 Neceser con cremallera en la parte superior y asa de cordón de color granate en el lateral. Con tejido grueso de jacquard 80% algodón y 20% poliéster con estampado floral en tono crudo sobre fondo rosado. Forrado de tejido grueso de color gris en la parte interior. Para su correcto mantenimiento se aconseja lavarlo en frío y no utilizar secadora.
———
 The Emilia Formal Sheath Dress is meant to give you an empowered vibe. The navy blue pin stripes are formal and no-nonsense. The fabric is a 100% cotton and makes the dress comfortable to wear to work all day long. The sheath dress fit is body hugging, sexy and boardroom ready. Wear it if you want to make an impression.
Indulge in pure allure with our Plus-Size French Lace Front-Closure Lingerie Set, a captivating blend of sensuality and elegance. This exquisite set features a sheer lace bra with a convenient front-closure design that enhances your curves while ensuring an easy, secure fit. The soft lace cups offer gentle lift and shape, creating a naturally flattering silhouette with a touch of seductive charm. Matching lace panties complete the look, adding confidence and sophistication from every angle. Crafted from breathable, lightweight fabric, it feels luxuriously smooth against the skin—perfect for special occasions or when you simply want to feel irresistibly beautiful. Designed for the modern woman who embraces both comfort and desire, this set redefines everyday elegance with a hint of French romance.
———
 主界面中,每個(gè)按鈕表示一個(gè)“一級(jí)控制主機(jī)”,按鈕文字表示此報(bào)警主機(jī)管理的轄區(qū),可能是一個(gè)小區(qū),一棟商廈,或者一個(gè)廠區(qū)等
———
▶ _Aim of the exercise_:
Every line in the data above that includes the word "fabric" should be copied.

▶ _Exercise answer_:
 The Emilia Formal Sheath Dress is meant to give you an empowered vibe. The navy blue pin stripes are formal and no-nonsense. The fabric is a 100% cotton and makes the dress comfortable to wear to work all day long. The sheath dress fit is body hugging, sexy and boardroom ready. Wear it if you want to make an impression.
Indulge in pure allure with our Plus-Size French Lace Front-Closure Lingerie Set, a captivating blend of sensuality and elegance. This exquisite set features a sheer lace bra with a convenient front-closure design that enhances your curves while ensuring an easy, secure fit. The soft lace cups offer gentle lift and shape, creating a naturally flattering silhouette with a touch of seductive charm. Matching lace panties complete the look, adding confidence and sophistication from every angle. Crafted from breathable, lightweight fabric, it feels luxuriously smooth against the skin—perfect for special occasions or when you simply want to feel irresistibly beautiful. Designed for the modern woman who embraces both comfort and desire, this set redefines everyday elegance with a hint of French romance.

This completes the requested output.